Save non-persistent object id in JPA (Hibernate)

Question

I've a static class like:

public class Sex{

private final int code;
private final String status;

public static final int TOTAL = 3;

private Sex(int c, String s) {
code = c;
status = s;
}

public static final Sex UNDEFINED = new Sex(1, "UNDEFINED");
public static final Sex MALE = new Sex(2, "MALE");
public static final Sex FEMALE = new Sex(3, "FEMALE");
private static final Sex[] list = { UNDEFINED, MALE, FEMALE };

public int getCode() {
return code;
}

public String getStatus() {
return status;
}

public static Sex fromInt(int c) {
if (c < 1 || c > TOTAL)
throw new RuntimeException("Unknown code for fromInt in Sex");
return list[c-1];
}

public static List getSexList() {
return Arrays.asList(list);
}
}

And, I've an entity class

@Entity
@Table(name="person")

public class Person{

    @Id
    @GeneratedValue(strategy=GenerationType.AUTO)
    private long id;// setter/getter omitted

    private Sex sex;
    public final Sex getSex() {
    return this.sex;
    }
    public final void setSex(final Sex argSex) {
    this.sex = argSex;
    }
}

I want to save sex_id in database in person table.

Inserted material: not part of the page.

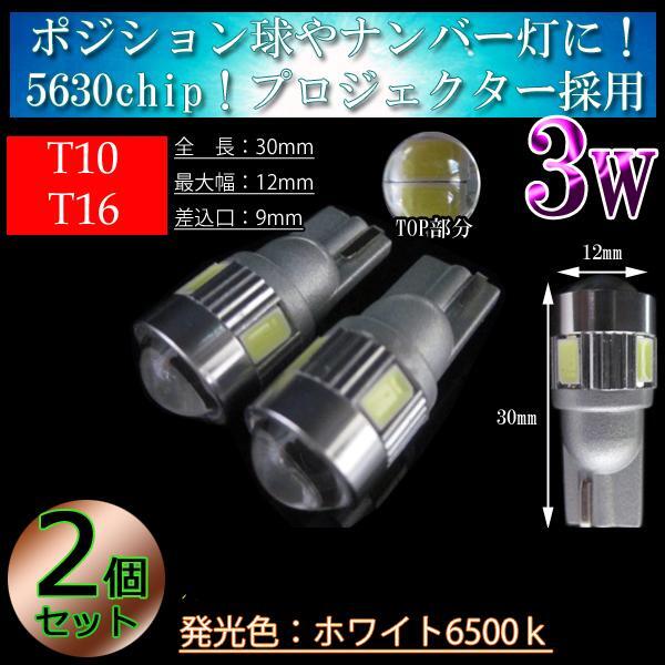 > 2個 T10 T16 3w 5630SMD 6連 プロジェクター 車検対応 スモールランプ スモール球 バックランプ LED ポジションランプ ホワイト

But setter/getter should be as specified, because I want write my code as -

Person person = new Person();
person.setSex(Sex.MALE);
Dao.savePerson(person);

How to annotate Sex with JPA?

Answer 1

Since you don't want to create new Sex instance in your database, why don't you use an enum instead of a class for Sex?

If you do so, you will just have to annotate you Sex attribute with @Enumerated(EnumType.STRING) in the Person class. Full example here (or just Google it and you will find plenty)

Answer 2

Why not to use enumerator Sex instead and then use @Enumerated instead?

 @Enumerated(EnumType.STRING)
   Sex sex